1、通过find-spark-home.sh 设置SPARK_HOME环境变量，方便整个shell脚本生命周期内能直接使用${SPARK_HOME}

2、执行spark-class.sh脚本，传入的参数$@ 是父脚本传入的参数

RUNNER="${JAVA_HOME}/bin/java"
......
build_command() {
  "$RUNNER" -Xmx128m -cp "$LAUNCH_CLASSPATH" org.apache.spark.launcher.Main "$@"
  printf "%d\0" $?
}
....
CMD=()
while IFS= read -d '' -r ARG; do
  CMD+=("$ARG")
done < <(build_command "$@")
....
CMD=("${CMD[@]:0:$LAST}")
exec "${CMD[@]}"

3、< <(build_command "$@") 这一段是执行 java -cp org.apache.spark.launcher.Main 解析验证命令行参数，被SparkSubmitCommandBuilder验证成功后，返回执行命令赋值给CMD，最后执行CMD，启动SparkSubmit。

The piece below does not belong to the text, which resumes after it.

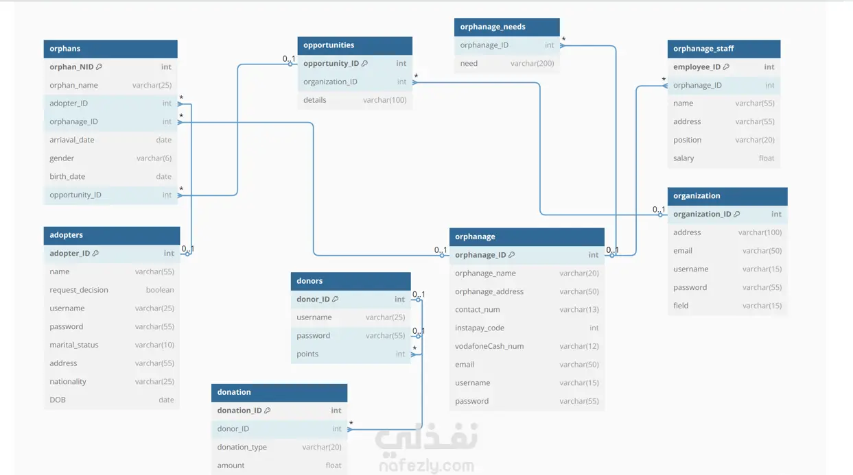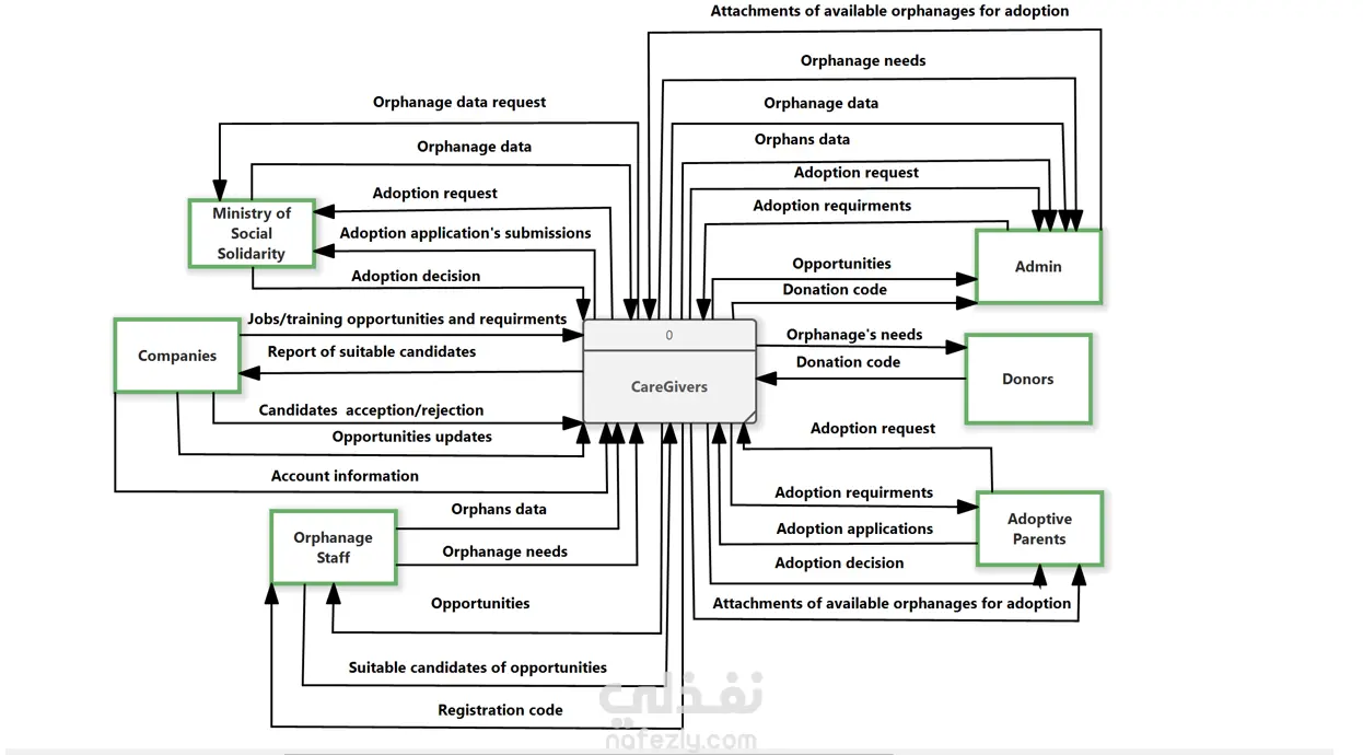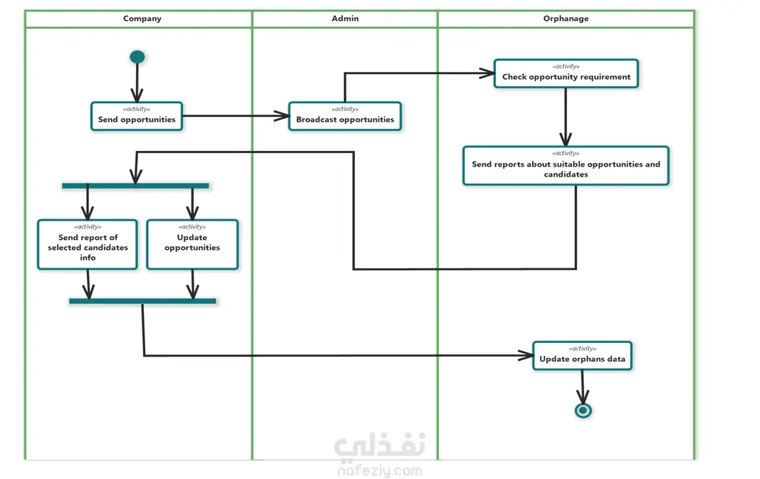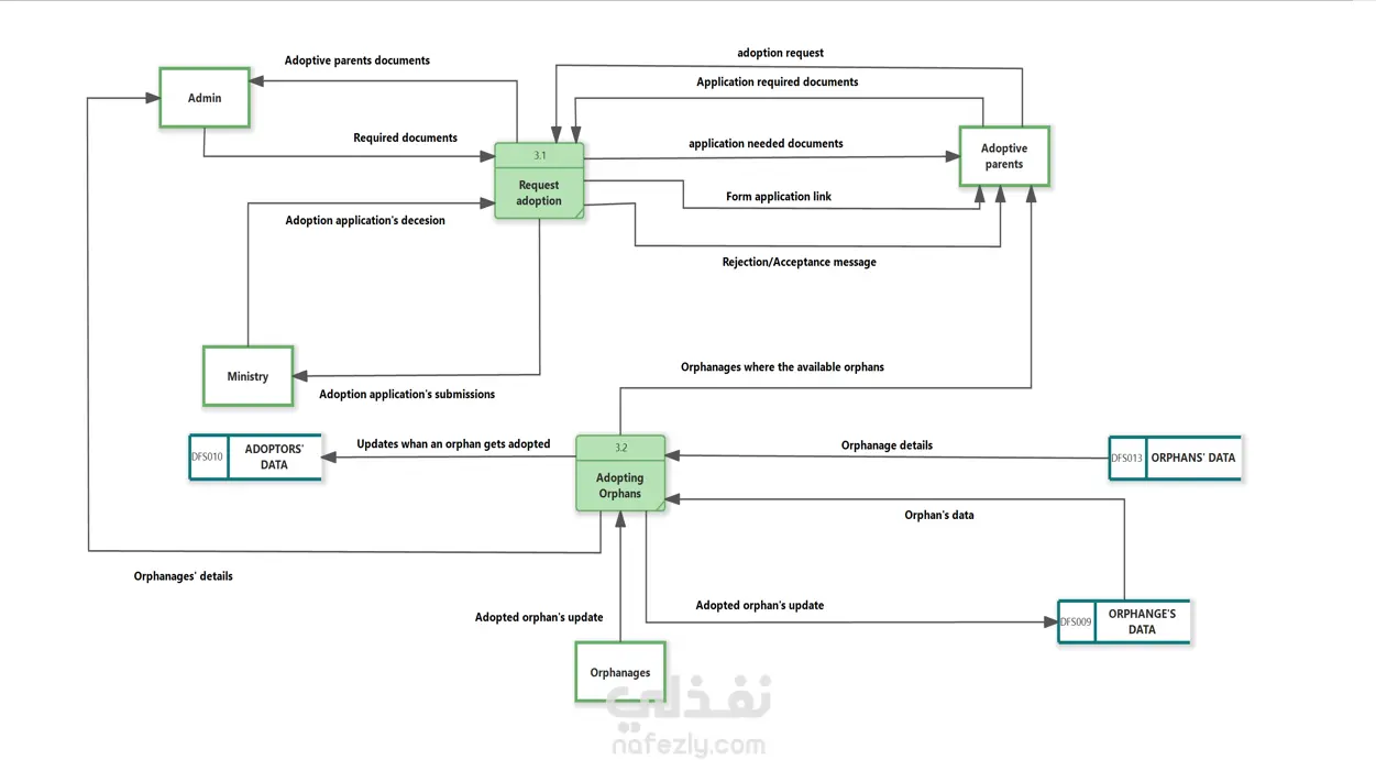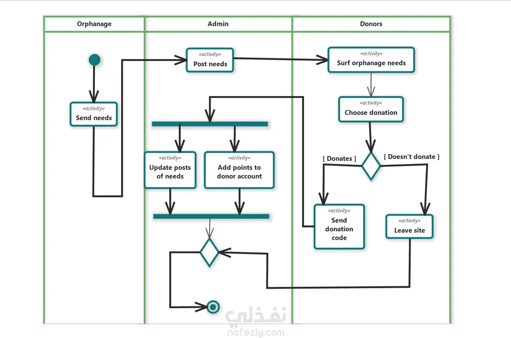 First, the platform will replace paper-based systems with a centralized digital database for managing children’s records, donations, and activities. This will reduce errors, prevent lost information, and provide quick access to critical data Second, the system will include a real-time needs dashboard where orphanages can list their specific requirements, such as clothes, medicines, or educational supplies. Donors across the country can view these needs and contribute accordingly, ensuring that donations are relevant and impactful. Additionally, the system will enhance communication by providing a structured process for adoptive parents. It will facilitate their initial contact with the Ministry of Social Solidarity to obtain approval and necessary documentation. Once approved, the system will guide them in identifying which orphanage, across the country, houses a child that meets their adoption criteria. And allow key stakeholders including donors, and job providers to interact directly with the system. Finally, a dedicated employment module will support older orphans and graduates by connecting them to vocational training, internships, and job opportunities through partnerships with local businesses. By partnering with businesses and training centers, the platform will provide structured programs to help them become self-sufficient.

org.apache.spark.deploy.SparkSubmit

private def runMain(args: SparkSubmitArguments, uninitLog: Boolean): Unit = {
    val (childArgs, childClasspath, sparkConf, childMainClass) = prepareSubmitEnvironment(args)
...

    val loader =
      if (sparkConf.get(DRIVER_USER_CLASS_PATH_FIRST)) {
        new ChildFirstURLClassLoader(new Array[URL](0),
          Thread.currentThread.getContextClassLoader)
      } else {
        new MutableURLClassLoader(new Array[URL](0),
          Thread.currentThread.getContextClassLoader)
      }
    Thread.currentThread.setContextClassLoader(loader)

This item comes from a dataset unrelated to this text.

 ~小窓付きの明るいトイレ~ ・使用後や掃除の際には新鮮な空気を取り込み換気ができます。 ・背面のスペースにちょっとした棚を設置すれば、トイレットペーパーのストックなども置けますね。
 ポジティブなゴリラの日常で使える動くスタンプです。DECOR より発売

    for (jar <- childClasspath) {
      addJarToClasspath(jar, loader)
    }

    var mainClass: Class[_] = null

    try {
      mainClass = Utils.classForName(childMainClass)
    } catch {
   ...
    }

    val app: SparkApplication = if (classOf[SparkApplication].isAssignableFrom(mainClass)) {
      mainClass.newInstance().asInstanceOf[SparkApplication]
    } else {
      // SPARK-4170
      if (classOf[scala.App].isAssignableFrom(mainClass)) {
        logWarning("Subclasses of scala.App may not work correctly. Use a main() method instead.")
      }
      new JavaMainApplication(mainClass)
    }

...

    try {
      app.start(childArgs.toArray, sparkConf)
    } catch {
      case t: Throwable =>
        throw findCause(t)
    }
  }

此过程分为三个步骤。

1、prepareSubmitEnvironment解析参数

(childArgs, childClasspath, sparkConf, childMainClass)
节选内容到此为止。